Так прошло две недели. В эти недели случилось желанное для Ивана Ильича и его жены событие: Петрищев сделал формальное предложение. Это случилось вечером. На другой день Прасковья Федоровна вошла к мужу, обдумывая, как объявить ему о предложении Федора Петровича, но в эту самую ночь с Иваном Ильичем свершилась новая перемена к худшему. Прасковья Федоровна застала его на том же диване, но в новом положении. Он лежал навзничь, стонал и смотрел перед собою остановившимся взглядом.
Она стала говорить о лекарствах. Он перевел свой взгляд на нее. Она не договорила того, что начала: такая злоба, именно к ней, выражалась в этом взгляде.

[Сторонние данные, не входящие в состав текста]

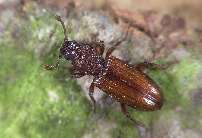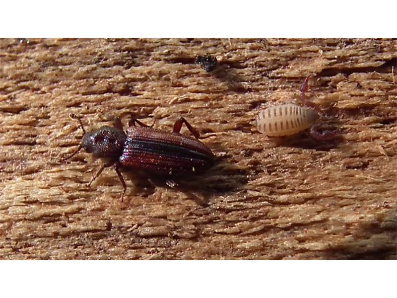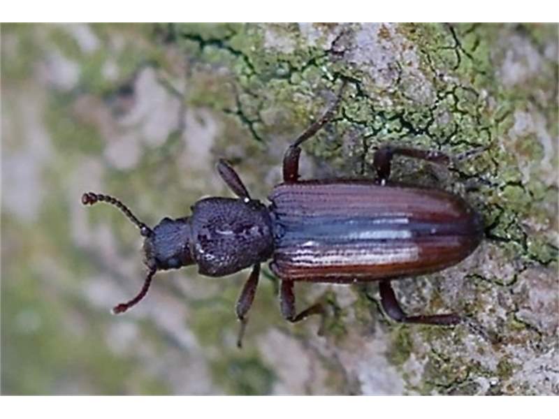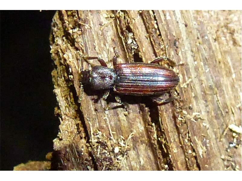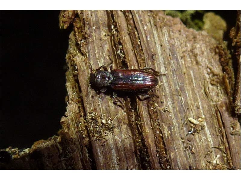 Bothrideres bipunctatus (Gmelin, 1790) unter loser Rinde eines am Boden liegenden, abgestorbenen Ahorn im Zschonergund Dresden, März 2022 (© Katrin Ritter)( Bild vergrößern)
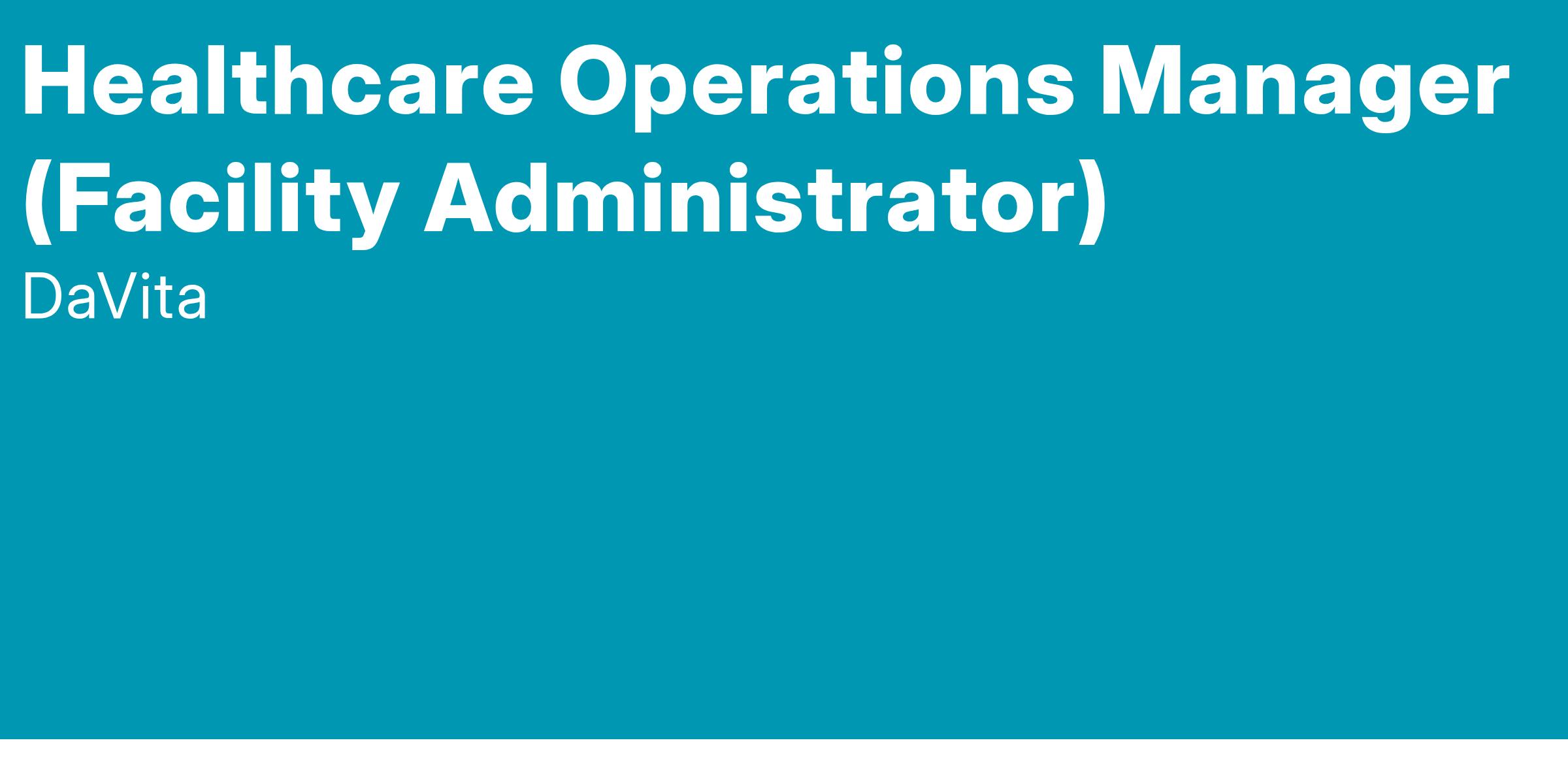 DaVita has an open position for a Healthcare Operations Manager (Facility Administrator) who must be an ambitious, operationally-focused and results-driven leader. You will directly impact patient care as the trusted front-line leader in an outpatient clinic setting. Health care experience is not required!
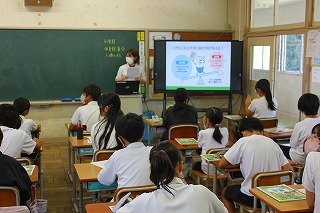 今日は6年生の保険の授業として、学校薬剤師の先生に来ていただき「薬の正しい使い方」について授業をしていただきました。
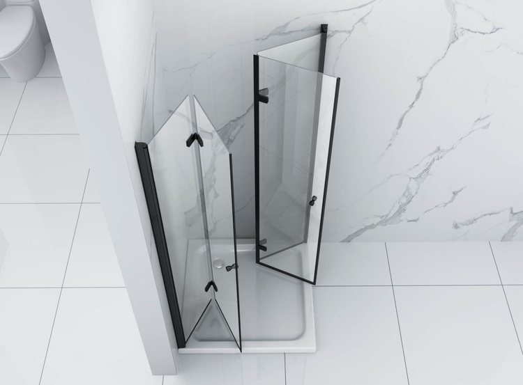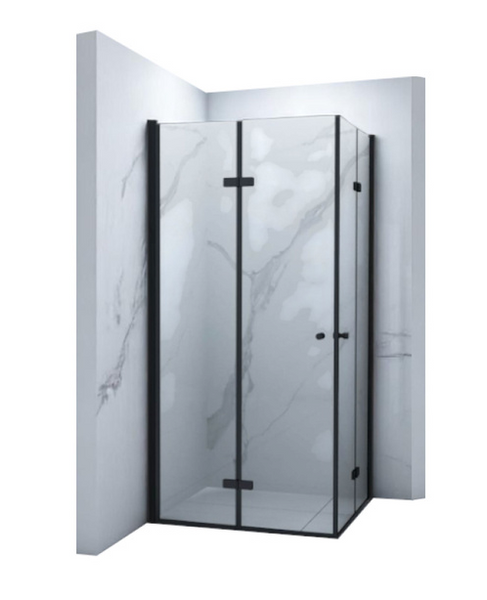 SPRCHOVÝ KÚT BAXLER ČIERNY S NÍZKOU VANIČKOU ŠTVORCOVÝ TRANSPARENTNÝ - 80X80X190
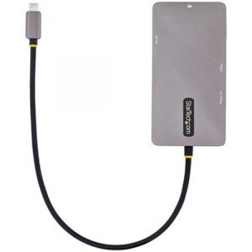 Este adaptador multiportas USB-C da StarTech.com oferece uma solução compacta e versátil para expandir a conectividade do seu portátil ou tablet. Com uma variedade de portas, incluindo HDMI 4K a 60Hz, este adaptador permite que conecte múltiplos dispositivos simultaneamente, melhorando a sua produtividade e multitarefa. A porta HDMI 4K a 60Hz permite que desfrute de imagens nítidas e fluidas em qualquer ecrã compatível, ideal para trabalho ou entretenimento.
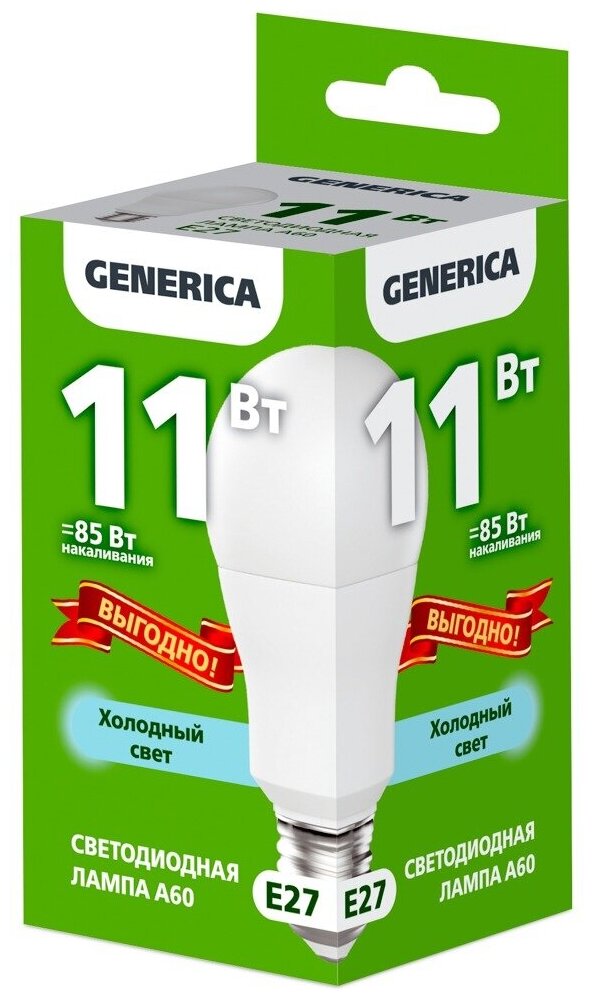Лампа светодиод 11Вт груша А60 Е27 6500К матовая промо GENERICA IEK (10/100) информация:
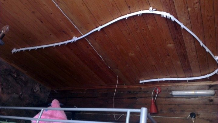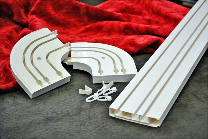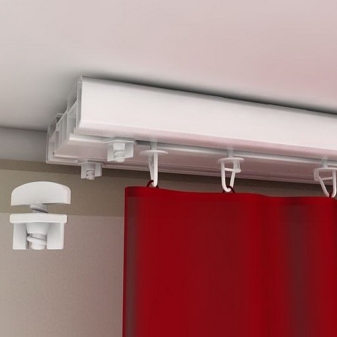 لتثبيت كورنيش السقف ، يجدر التفكير في أكبر عدد ممكن من الخيارات المختلفة في الصالونات. النوع الميسور التكلفة والأكثر تكلفة هو قضيب ستارة بلاستيكي على شكل إطار مسطح ، وهو عبارة عن ملف تعريف PVC مع وجود جروح في التجويف السفلي الذي يتحرك فيه عداء الخطاف.. يتم توصيل هذا الإطار بالسقف باستخدام مسامير.. عادة ما تكون مجهزة بعناصر محورية تسمح لك بترتيب الأطراف الدائرية للكورنيش..
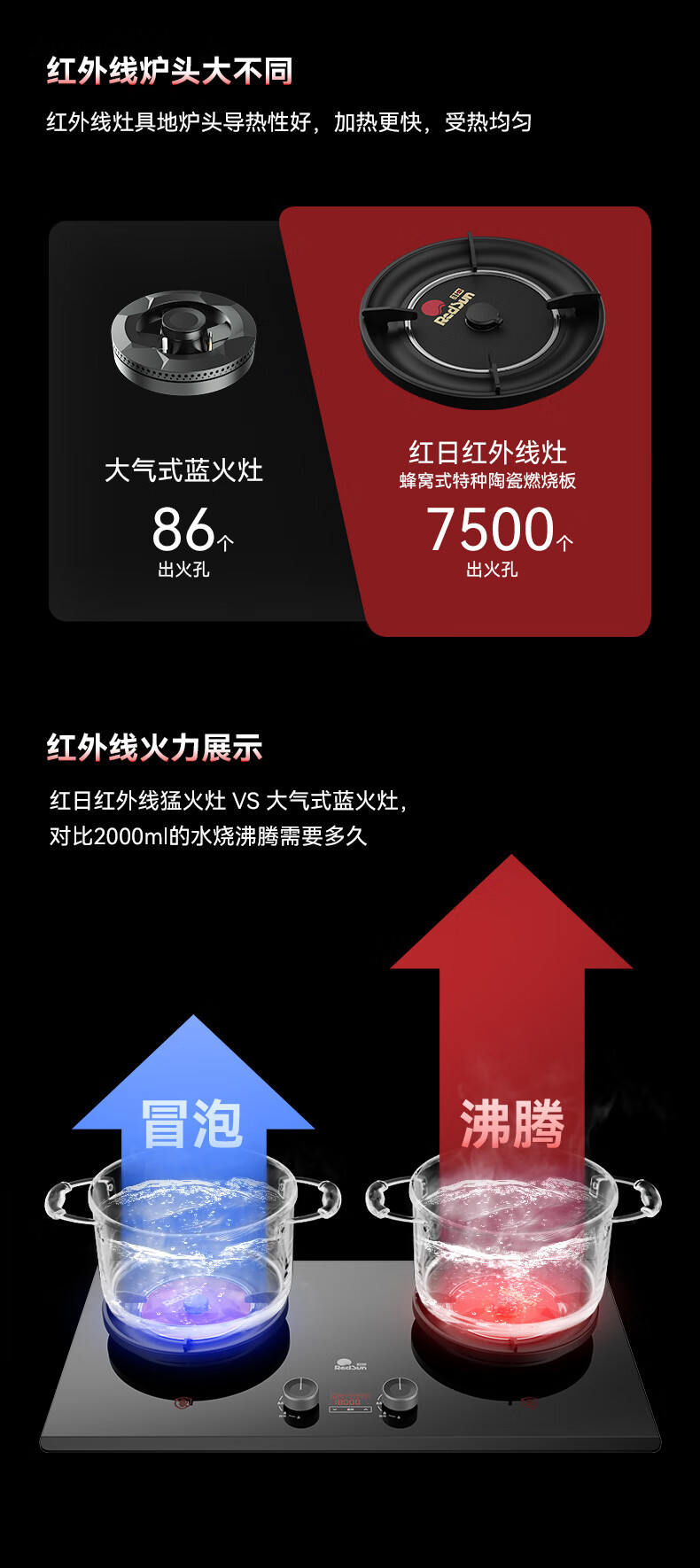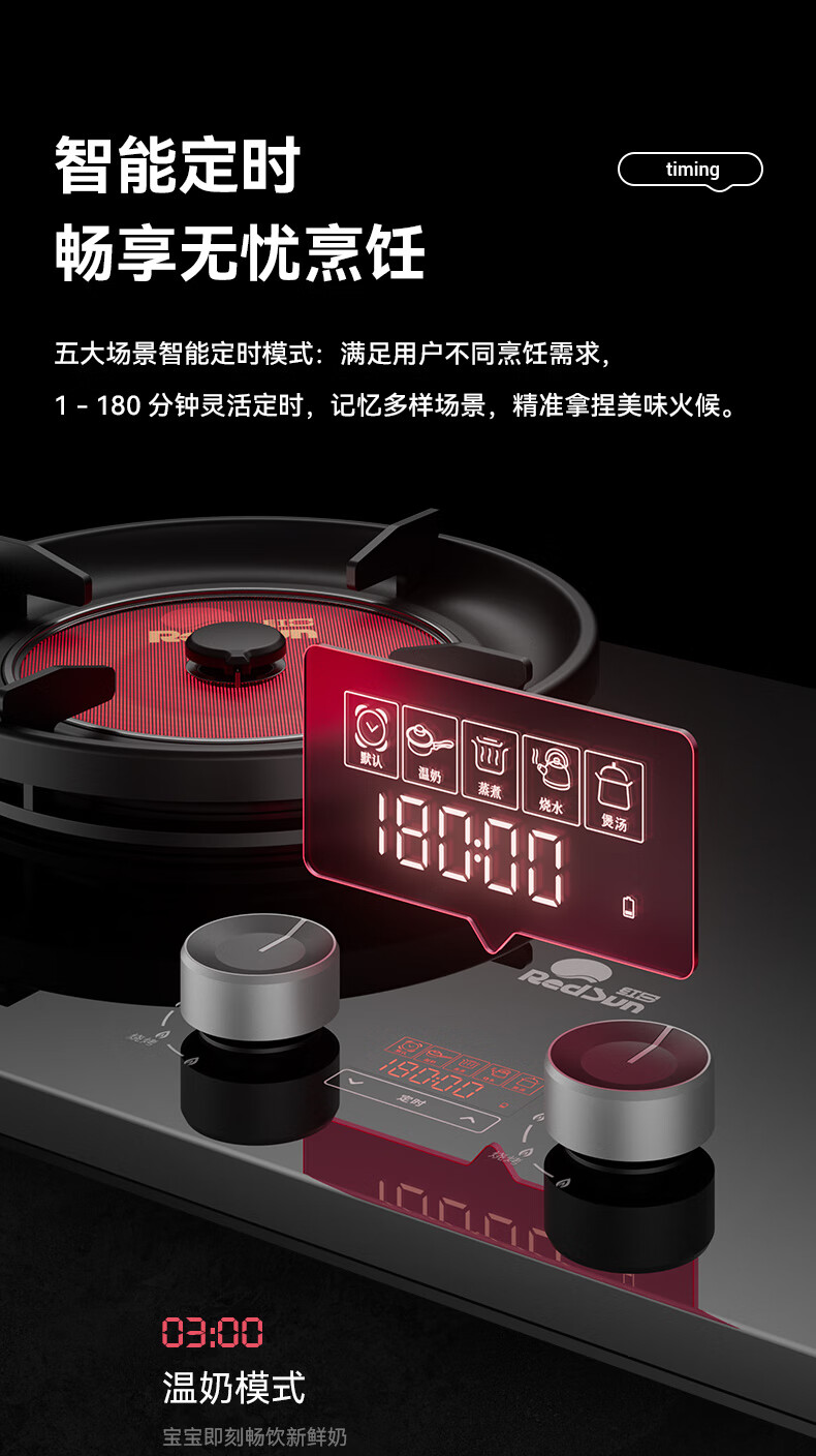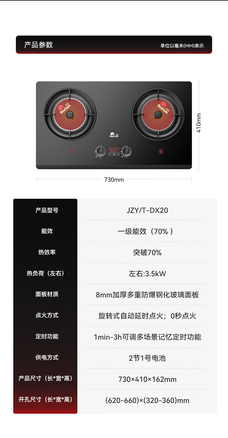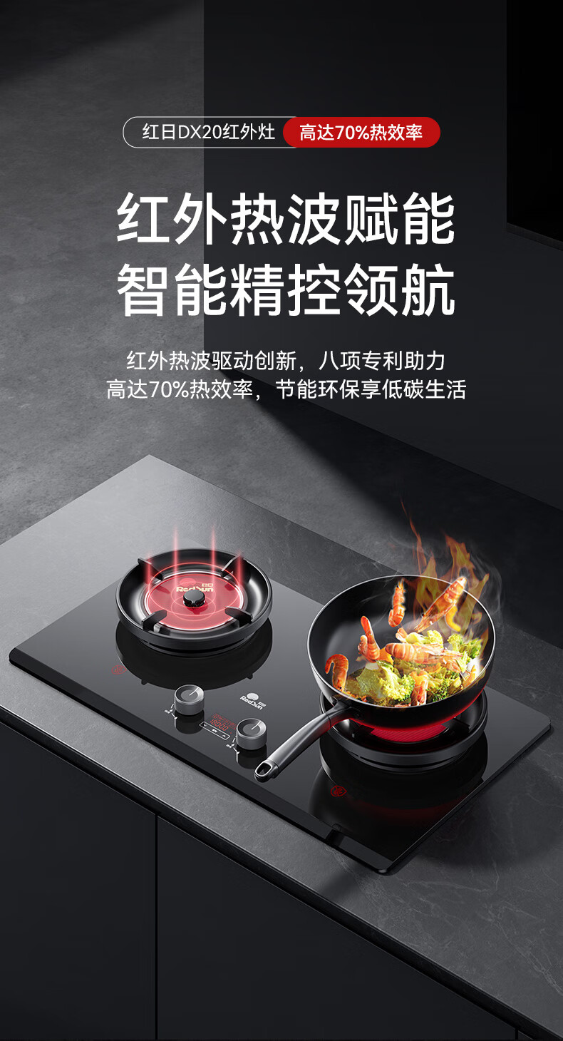 红日(RedSun)定时免改孔小底壳猛火70%热效率DX20聚能红外线灶具加厚防烫双灶 70%高热效率免改孔定时爆炒红外灶 DB10 天然气

– Ради Христа, дай мне умереть спокойно, – сказал он.
Она хотела уходить, но в это время вошла дочь и подошла поздороваться. Он так же посмотрел на дочь, как и на жену, и на ее вопросы о здоровье сухо сказал ей, что он скоро освободит их всех от себя. Обе замолчали, посидели и вышли.
– В чем же мы виноваты? – сказала Лиза матери. – Точно мы это сделали! Мне жалко папа, но за что же нас мучить?
В обычное время приехал доктор. Иван Ильич отвечал ему: «да, нет», не спуская с него озлобленного взгляда, и под конец сказал:
– Ведь вы знаете, что ничего не поможете, так оставьте.
– Облегчить страдания можем, – сказал доктор.
– И того не можете; оставьте.
Доктор вышел в гостиную и сообщил Прасковье Федоровне, что очень плохо, и что одно средство – опиум, чтобы облегчить страдания, которые должны быть ужасны.
Доктор говорил, что страдания его физические ужасны, и это была правда; но ужаснее его физических страданий были его нравственные страдания, и в этом было главное его мучение.
Нравственные страдания его состояли в том, что в эту ночь, глядя на сонное, добродушное, скуластое лицо Герасима, ему вдруг пришло в голову: а что как и в самом деле вся моя жизнь сознательная жизнь, была «не то».
Ему пришло в голову, что то, что ему представлялось прежде совершенной невозможностью, то, что он прожил свою жизнь не так, как должно было, что это могло быть правда. Ему пришло в голову, что те его чуть заметные поползновения борьбы против того, что наивысше поставленными людьми считалось хорошим, поползновения чуть заметные, которые он тотчас же отгонял от себя, – что они-то и могли быть настоящие, а остальное всё могло быть не то. И его служба, и его устройства жизни, и его семья, и эти интересы общества и службы, – всё это могло быть не то. Он попытался защитить пред собой всё это. И вдруг почувствовал всю слабость того, что он защищает. И защищать нечего было.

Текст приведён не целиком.